Threshold cycle value (Ct) is a cycle number at which the fluorescence generated within a reaction crosses the threshold and the fluorescence signal rises significantly above the background. Increased signal is due to the use of a DNA hybridization probe that is specific for the given DNA sequence: it binds to one of the DNA strands in the course of reaction and provides additional specificity of the method. A DNA probe consists of a fluorescence dye at the 5’-end and a fluorescence quencher at the 3’-end that significantly reduces the fluorescence intensity. During the polymerase synthesis of the complementary strand, the probe is cleaved from the 5’-end due to the 5’-3’ nuclease activity of Taq DNA polymerase, the quencher and the dye become separated, thus increasing the fluorescence signal due to accumulation of the reaction product. The detected fluorescence intensity depends on initial quantity of pathogens DNA template in the sample.

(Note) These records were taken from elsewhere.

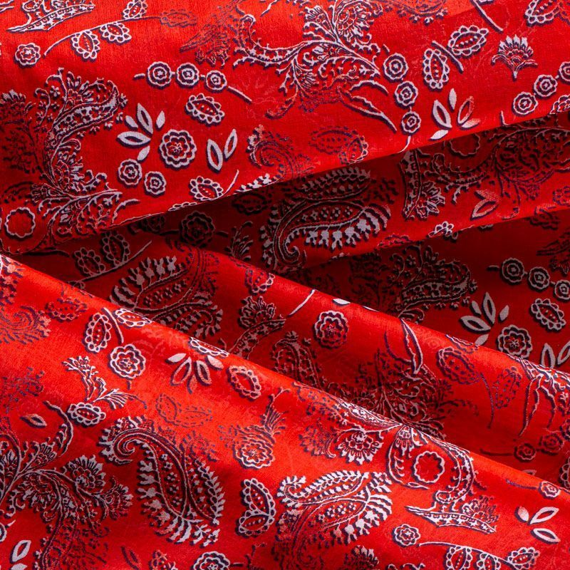 Итальянский хлопковый батист с мелким цветочным принтом в черно-белой гамме на ярком красном фоне. Ткань очень легкая, прозрачная, приятная на ощупь, нежная, пластичная, хорошо и мягко драпируется, летящая. Батист подойдёт для модных блуз с объёмными рукавами, летних платьев и сарафанов с длинной летящей юбкой, прозрачных рубашек, декорированных объёмными бантами, туник и топов.
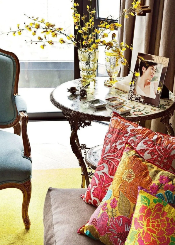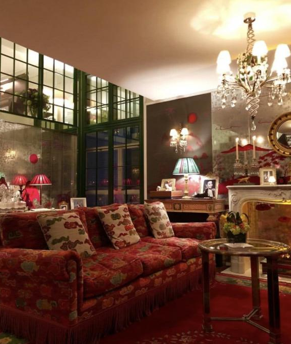 Nghe nói chính là bậc thầy chủ nghĩa hoàn hảo Trương Thúc Bình đã giúp chọn vải cho căn nhà này, đặt làm riêng rèm cửa và ghế tựa, nhiều họa tiết cũng do ông đặc biệt lựa chọn. Tóm lại có hai điểm chính: Sự kết hợp giữa Trung Quốc và phương Tây khiến đồ nội thất trở nên cực kỳ đắt đỏ.
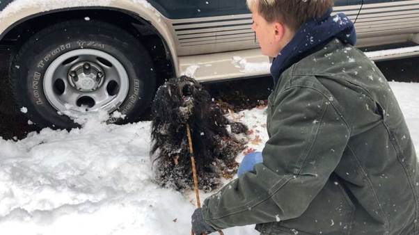 As she got closer, she realized she was looking at a horribly matted dog. The sheer weight of the clumps of hair, heavy with ice and grime, must have been pulling painfully at his skin with every shiver. But as she knelt down for a better look, a wave of horror washed over her. The situation was far worse than she had ever imagined. The poor pup was soaking wet from the melting snow, and the matted fur on his underside had fused with the ice on the pavement. He was, quite literally, frozen to the ground.
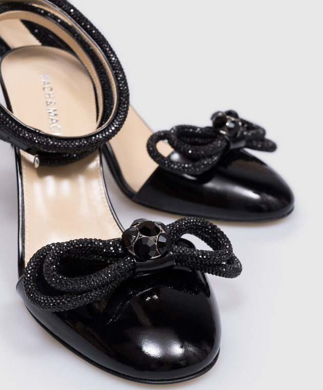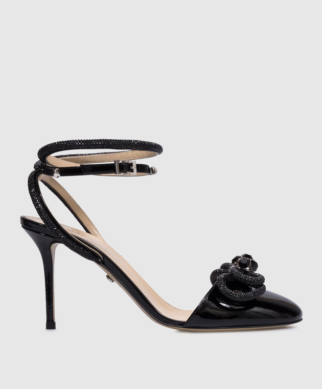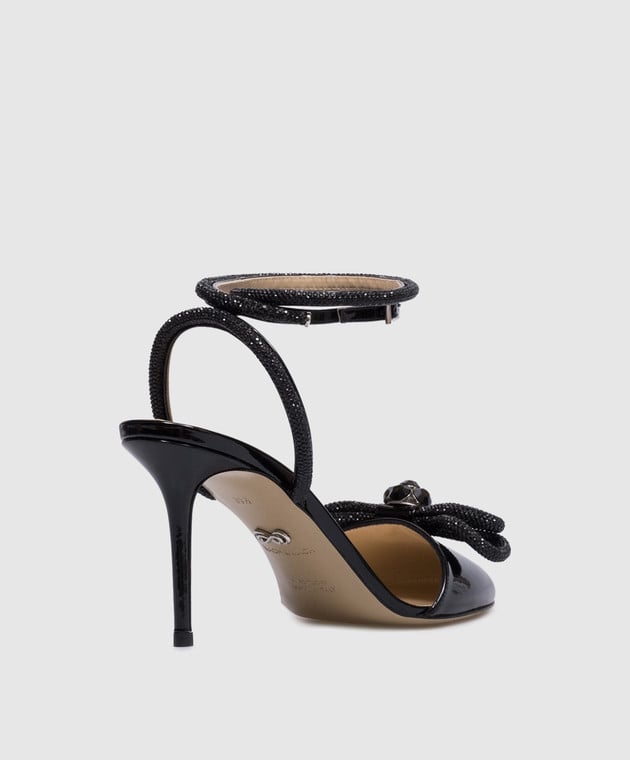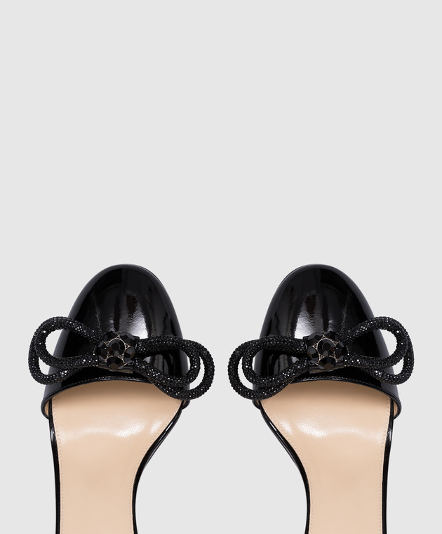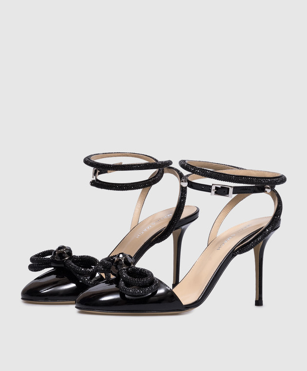 Чорні шкіряні лаковані слінгбеки DOUBLE BOW з кристалами
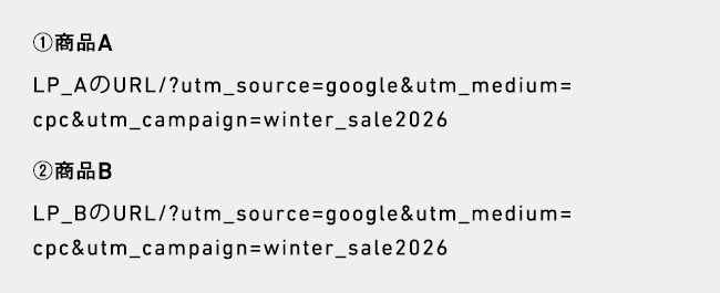 utm_sourceは、Google広告を利用することからgoogleに設定、utm_mediumは、検索広告を利用することからcpcに設定、utm_campaignは、winter_sale2026と命名。これは決めの問題で特にルールはありません。
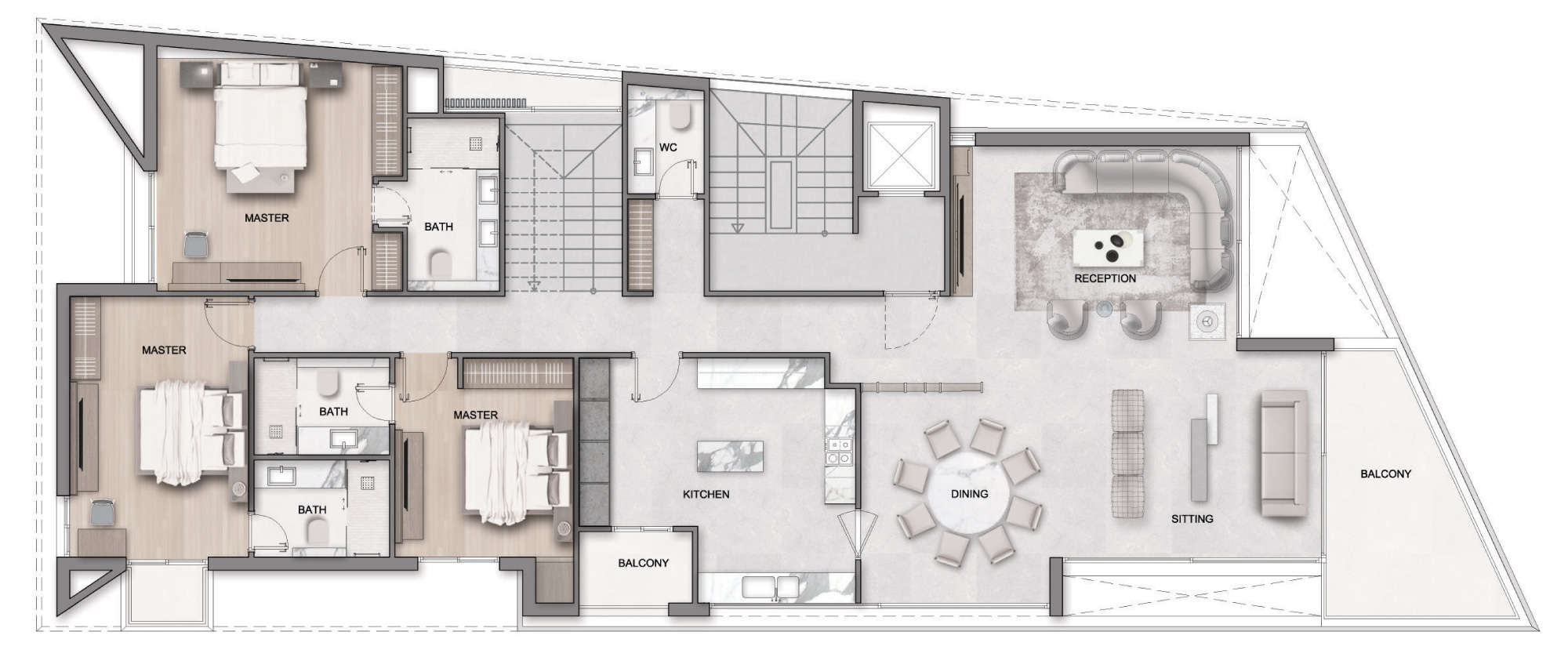 Sema Hills One expresses balance and architectural clarity. Its multi-level organization allows residences to unfold naturally, creating a refined separation between social and private spaces. Select apartments extend outward through private terraces, enriching everyday living with light and openness. Within the community, it establishes rhythm and cohesion, forming a calm architectural anchor for the project.
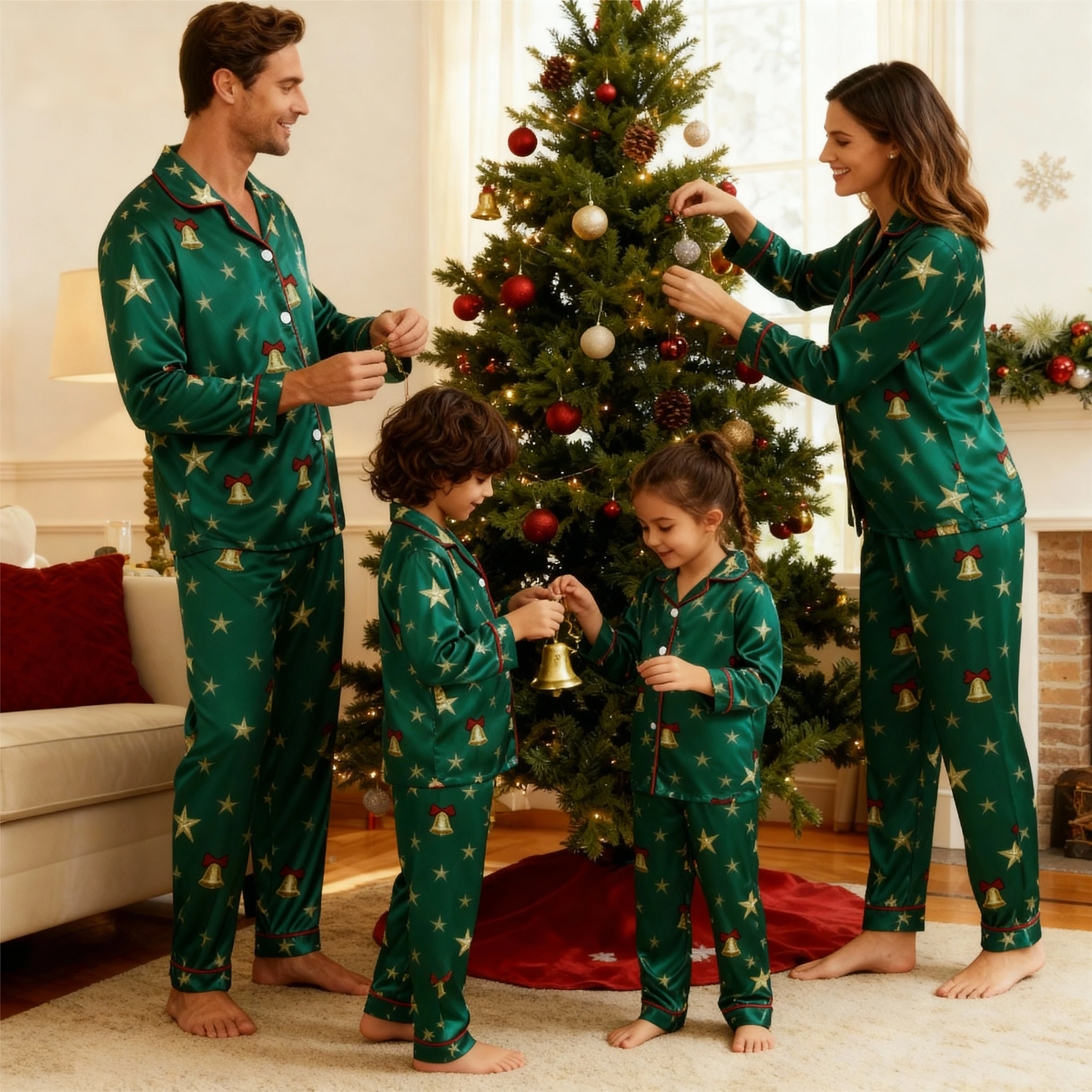 Holiday Family Button-down Green Satin Christmas Pajamas Set
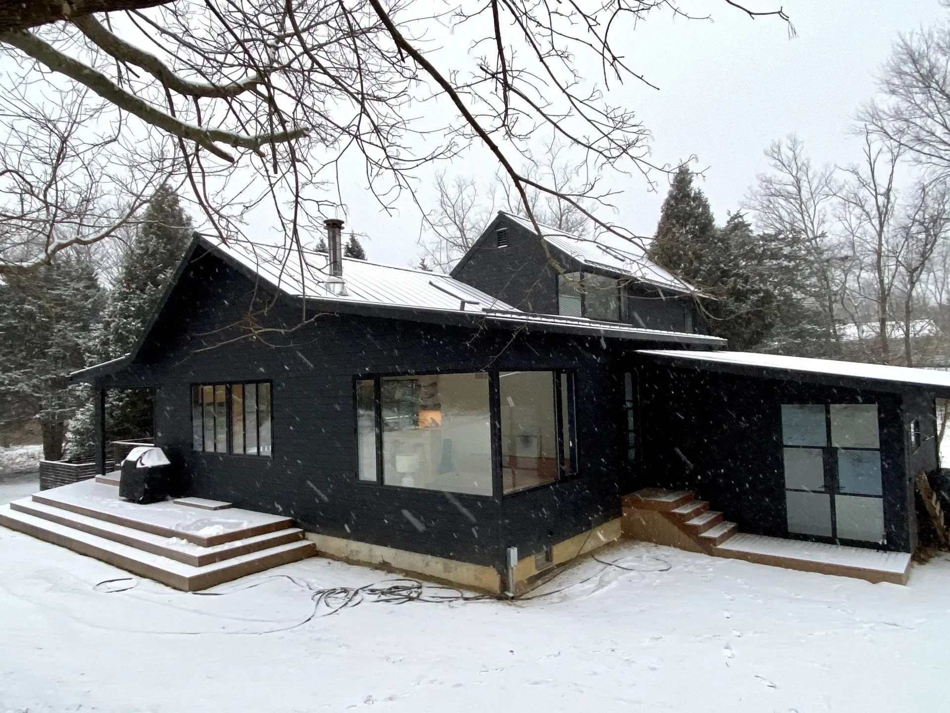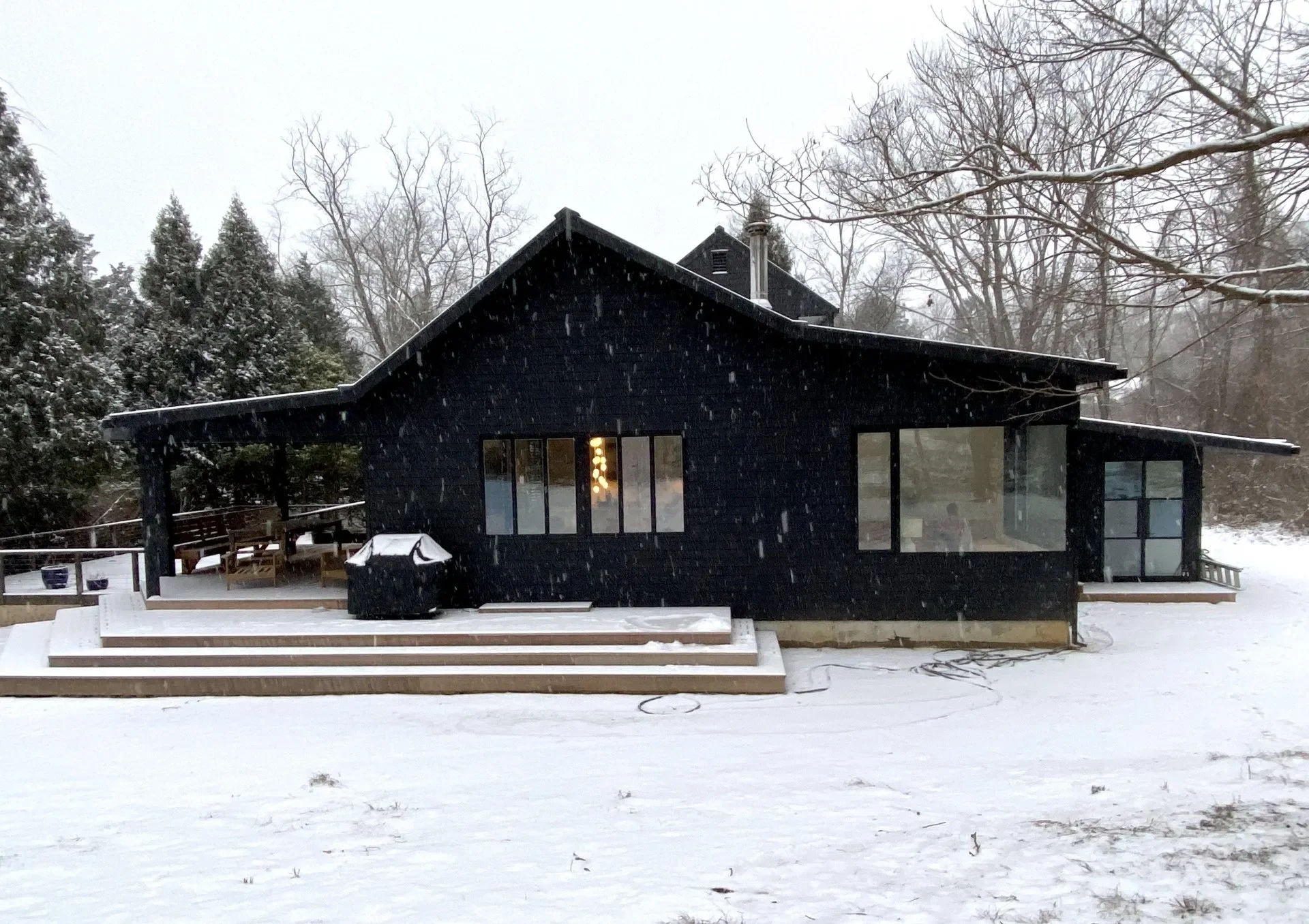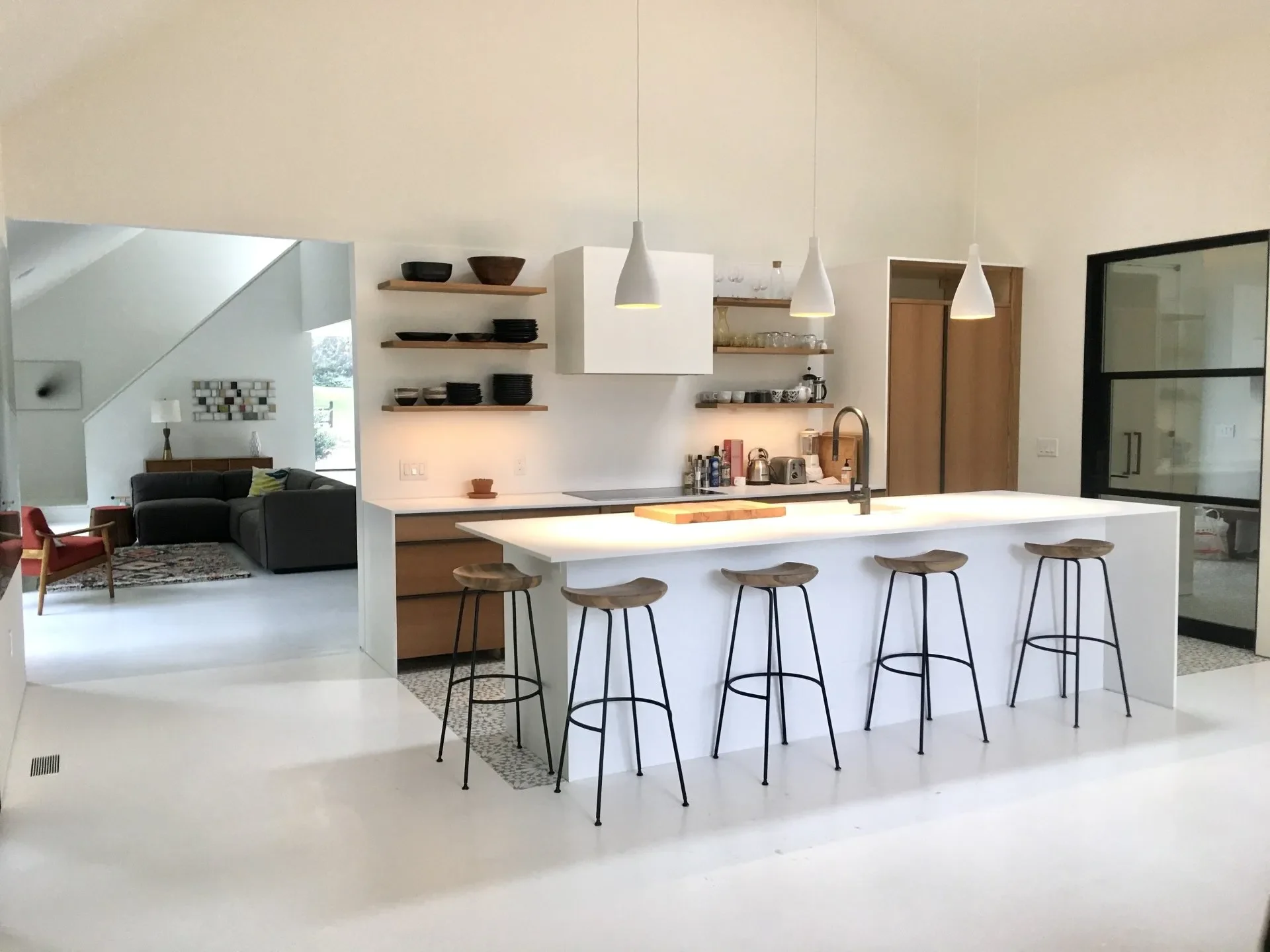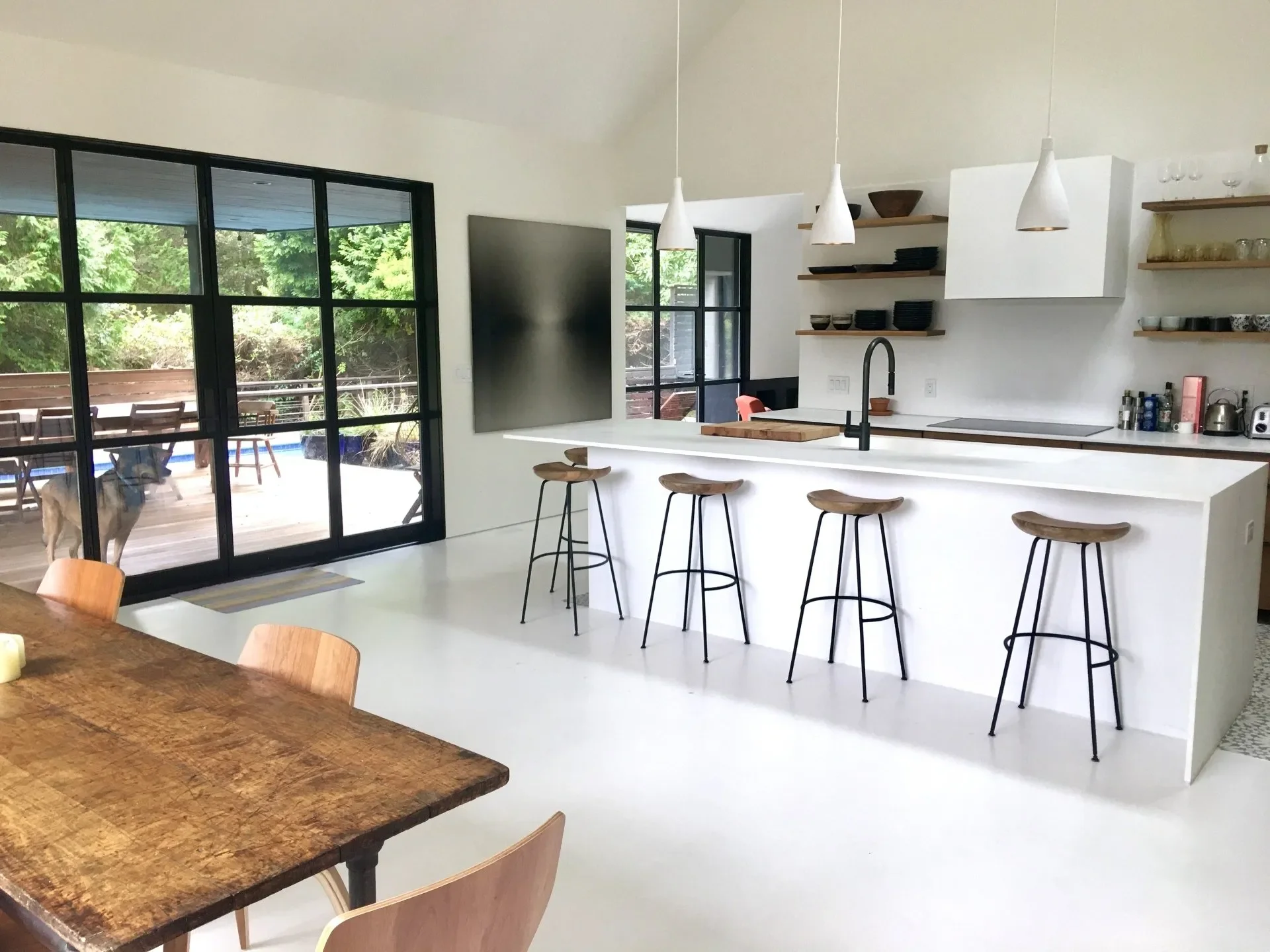 Drawing inspiration from traditional barn architecture, Workspace11 expanded the structure by 1,200 square feet with 18-foot ceilings and designed custom steel and glass doors, eight-foot bifold openings to the pool terrace, and large corner picture windows. The design emphasizes a seamless connection between indoor and outdoor living, capturing natural light and framing views for all seasons.
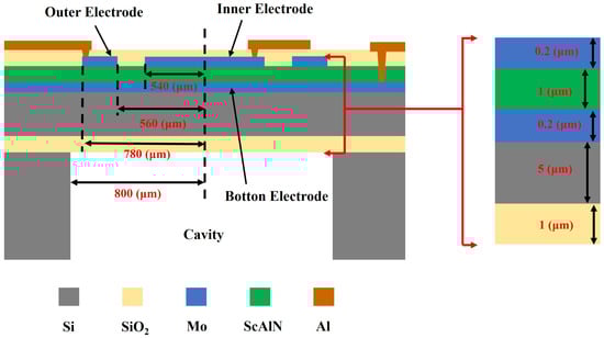 To optimize the performance of the PMUT, this study employs the finite element simulation software COMSOL Multiphysics 6.1 for modeling. In the simulation, the cavity radius was fixed, and only a single top electrode was used while keeping all other parameters unchanged []. A parametric sweep was performed on the radius of the top electrode, and the results are shown in Figure 3. Through comparative analysis, the optimal ratio between the top electrode radius and the cavity radius was determined. When designing a PMUT with a differential electrode configuration, the rationality of electrode distribution was taken into consideration. Accordingly, the IE radius was set to 540 µm, and the outer electrode width was set to 220 µm with a 20 µm gap between them. The geometric structure and parameters of the PMUT are illustrated in Figure 4.

The use of Internal Control sample (IC) prevents generation of false negative results associated with possible loss of DNA template during specimen preparation. IC indicates if PCR inhibitors occur in the reaction mixture. IC should be added to each sample (including control samples) prior to the DNA extraction procedure. Amplification and detection of IC influence neither sensitivity nor specificity of the target DNA PCR.

Note: Internal Control sample is added to the specimen during NA extraction step and is used throughout the whole process of NA extraction, amplification, detection.